My definition of money has changed with time, depending on my prevailing situation.
As a little boy, my family didn’t have that much. Money then meant necessities to me. It was a tool for obtaining essentials of living, especially food. Sometimes it was the only way to get ice cream, biscuits, rent movies, etc. But mostly it was a means to obtain the things we needed to survive.
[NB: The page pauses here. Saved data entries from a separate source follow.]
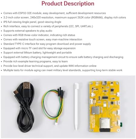 - Touch Screen: 3.5-inch LCD color screen, resolution of 240x320, maximum support 262K color (RGB666), rich colors, with resistive touch function.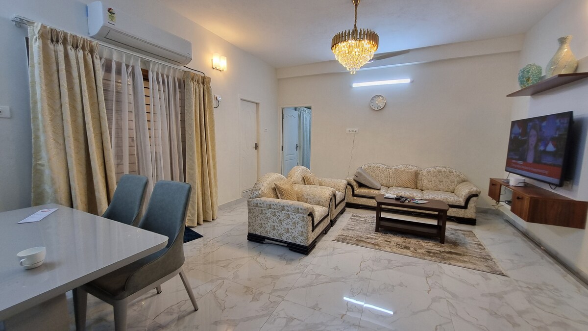 Potpuno klimatiziran stan u IT koridoru ulice Old Mahabalipuram (OMR) u Chennaiju, u blizini škole Sishyaa (Thuraipakkam), tržnog centra BSR, bolnice Curi, specijalne bolnice Apollo, Svjetskog trgovinskog centra, golf sela AKDR, kina i restorana Sangeetha. Brzi Wi-Fi za rad na daljinu, potpuno opremljena kuhinja. Swiggy, Zomoto, Blinkit itd. nude dostavu na kućnu adresu. Bankomat, apoteka Apollo i nekoliko brendiranih trgovina odjećom na pješačkoj udaljenosti. Potpuno novi dječji krevetić dostupan za porodice s bebama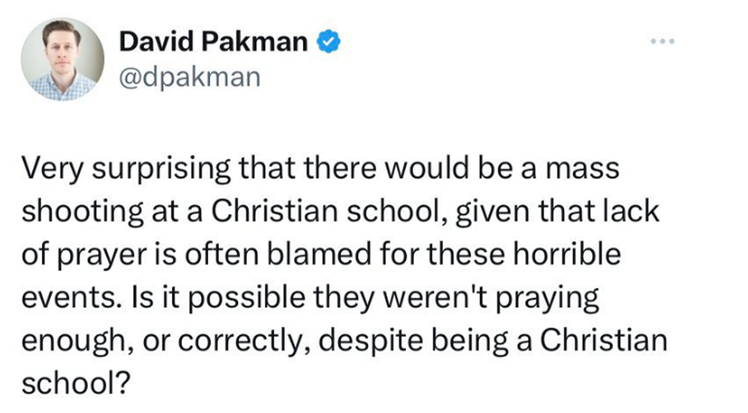Acest Shaviro nu este singur. Alt jidov, David Pakman, a ironizat rugăciunea și creștinismul într-un tweet în care spune că poate victimele nu se rugau destul sau corect și de aceea au pățit ceea ce au pățit. Acesta și-a șters postarea în urma revoltei populare.

When I was a young adult, however, my attitude changed. My father had a successful business venture, so we had more money when I was in secondary school. I went to a college where I was more buoyant than most kids, so I had a lot of friends. I began to view money as power and influence. It helped me to acquire the luxuries my peers did not have. I acquired a lot of luxuries. I bought anything I wanted: books, computers, video games, gadgets, etc. I bought things even if I didn’t have the money, just to stay at the top of my peer. I wasn’t under pressure, I put my colleagues under pressure.
Now that I have reached middle-age, money represents freedom. For more than a decade I’ve been chained to the debt I accumulated while pursuing luxuries. I understand what a foolish choice that was. Now I see that money allows a person to pursue the things that are most important to him: friends, fellowship, vocation. If I want to stay home and write full-time, then I must eliminate all debts. I need to accumulate capital to support myself.
I have woken up to the realities around me. For more than a decade I’ve been chained to the debt I accumulated while pursuing luxuries. I understand what a foolish choice that was. Now I see that money allows a person to pursue the things that are most important to him: friends, fellowship, vocation.
Essentially, it helps an individual to have a befitting life.
Therefore, I create something of value and exchange it for money. Now, I can boldly say that money is what I get for solving other people’s problems which in turn helps me to solve my own problems.